Question 3 – Bland and Altman plot
The score range of PCS is 0-100 and the summary statistics of the two variables are:
. sum pcs_sf36 pcs_sf12
Variable | Obs Mean Std. Dev. Min Max
-------------+---------------------------------------------------------
pcs_sf36 | 125 47.37597 7.768135 29.12679 66.29746
pcs_sf12 | 123 44.82154 7.571708 25.04456 57.46968
From the paired t-test we have a mean difference between pcs_sf36 and pcs_sf12 = 2.54. The limits of agreement were found in question 2.2.
3.1 Draw a Bland & Altman limits of agreement plot and put values on the x and y axis.
You need to put labels and numbers on the x and y-axis. Furthermore, you need to draw the lines for zero, LOAupper, LOAlower, and the systematic error.
In another study, 16060 patients were screened for cancer using a gold standard (criterion) and a new test instrument (test). You hypothesize that the new instrument is as good as the gold standard.

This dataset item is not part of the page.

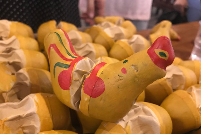 開平市水口鎮聯竹鄉制作鎮濠泥雞玩具已有二百多年歷史,以前每到農歷春節前夕,來自鶴山、臺山、恩平、新會等地的商販們便駕車來采購泥雞作年貨銷售。泥雞外形古樸、價格便宜,深受人們的喜愛。大年初一是雞日,大量泥雞上市,一時泥雞啼聲四起,給人們帶來歡欣和喜氣。

Question 4 – sensitivity and specificity
To test your hypothesis, you calculate sensitivity and specificity:
. diagt test criterion
| criterion
test | Pos. Neg. | Total
-----------+----------------------+----------
Abnormal | 969 231 | 1,200
Normal | 164 14,696 | 14,860
-----------+----------------------+----------
Total | 1,133 14,927 | 16,060
True abnormal diagnosis defined as test = 1
[95% Confidence Interval]
---------------------------------------------------------------------------
Prevalence Pr(A) 7.5% 7.1% 7.9%
---------------------------------------------------------------------------
Sensitivity Pr(+|A) 80.8% 78.4% 82.9%
Specificity Pr(-|N) 98.9% 98.7% 99.1%
ROC area (Sens. + Spec.)/2 0.90 0.89 0.91
---------------------------------------------------------------------------
Likelihood ratio (+) Pr(+|A)/Pr(+|N) 73.17 62.68 85.41
Likelihood ratio (-) Pr(-|A)/Pr(-|N) 0.19 0.17 0.22
Odds ratio LR(+)/LR(-) 375.90 304.60 463.88
Positive predictive value Pr(A|+) 85.5% 83.3% 87.5%
Negative predictive value Pr(N|-) 98.5% 98.2% 98.6%
---------------------------------------------------------------------------
4.1 How large do you think sensitivity and specificity should be before the two methods agree?
Explain to the group what sensitivity and specificity means. What is the misclassification?
4.2 Explain the positive and negative predictive values and summarise your findings.